In 2007, a coalition of four music labels sued Joel Tenenbaum, a graduate student at Boston University, for downloading and sharing 30 songs using file-sharing software like Kazaa or Limewire. The case in itself may not seem particularly significant. The music industry, usually through the auspices of the Recording Industry Association of America (RIAA), launched about 18,000 of these cases throughout the previous decade. The vast majority of those cases were settled out of court, for the amount of $4,000 on average.
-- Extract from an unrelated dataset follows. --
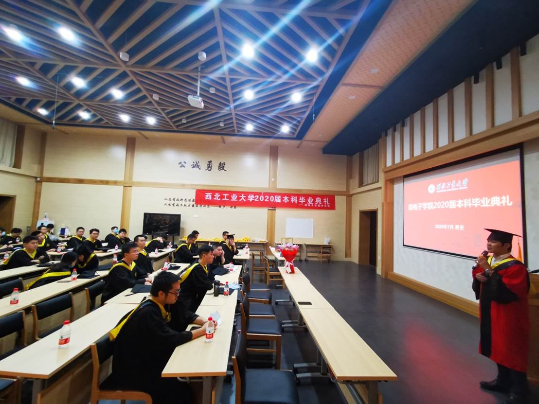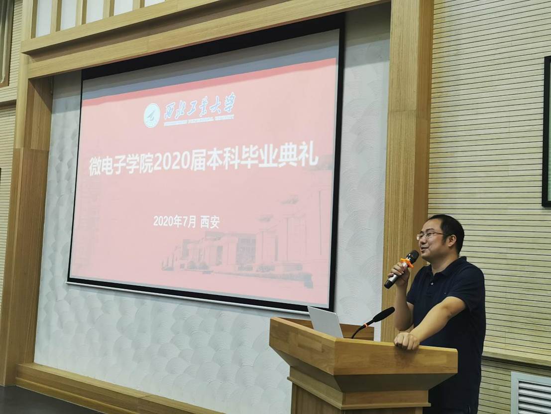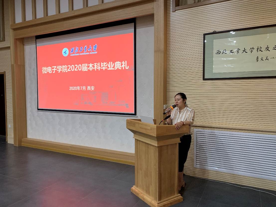 7月10日下午,西北工业大学太阳成集团tyc122ccvip2020届本科毕业典礼暨学位授予仪式在友谊校区阶二会议厅举行,祝贺全体微电子本科毕业生圆满完成学业任务,获得学士学位。学院副院长王少熙,党委副书记彭蓉,教师代表马彦昭、毕业班辅导员阴玥和全体本科毕业生参加毕业典礼,辅导员阴玥主持仪式现场。

Only two of those cases went to a full trial, both of which involved much higher sums. The first case, Capitol v. Thomas, involved some weirdly fluctuating and absurdly staggering figures. The original ruling in 2007 ruled that the defendant owed $220,000 in damages (about $9,250 per song). A legal technicality, however, caused a new trial that was settled in 2009. This time, the defendant was penalized $1.92 million until a judge lowered it to $54,000. Of course, the record labels found the 97% reduction a little excessive (unlike their multi-thousand dollar fine) so there was a third trial, which resulted in a penalty of $1.5 million before being reduced, again, to $54,000. The record labels appealed, again, and, as of last September, the original penalty of $220,000 was imposed.
Tenenbaum's case, Sony BMG vs. Tenenbaum, went through a less tumultuous route. In 2009, the Court ruled that Tenenbaum owed $675,000 in damages for downloading and sharing 30 songs. A subsequent attempt by the record companies to prevent Tenenbuam from criticizing the verdict and the record companies failed. He launched an appeal soon after on the grounds of disproportionate damages. At the beginning of 2010, the Obama administration announced that they supported the verdict on the grounds that copyright infringement “creates a public harm that Congress determined must be deterred.” Yesterday, the Federal Appeals Court upheld the verdict and called Tenenbaum’s actions “egregious.”
Why are the penalties in these cases so steep? Tenenbaum argued that he owed around $450 in damages, the equivalent of 30 music albums. Yes, the courts have the precedent of assigning statutory damages. But at a minimum, the smallest penalty was $50,000 more than the average out-of-court counterpart. It appears that these steep penalties come from attempts at deterrence, both by the record industry to prosecute individuals and by Congress in attempting to stop copyright infringement.
Yet, it is also true that file sharing and illegal downloads no longer command the attention of the public that it once did. The RIAA has even abandoned its efforts to prosecute individuals with extreme damages. Legal actions now operate against the owners and operators of file sharing sites, such as the recent conviction of Pirate Bay's founder and the wiping of Megavideo's servers. While torrents remain popular, streaming services like Spotify have basically replaced file-sharing services.
So deterrence may not even matter anymore. Indeed, the news around yesterday’s ruling seemed like an afterthought, a forgotten legal case from another digital era. All that is left are the plaintiffs facing hundreds of thousands in damages. To be clear, the defendants are guilty of violating the law. But the Supreme Court once ruled that statutory damages violate due process when they are arbitrary, unreasonable, and disproportional to the actual damages sustained. It is a little surprising to think that these damages do not meet those legal standards.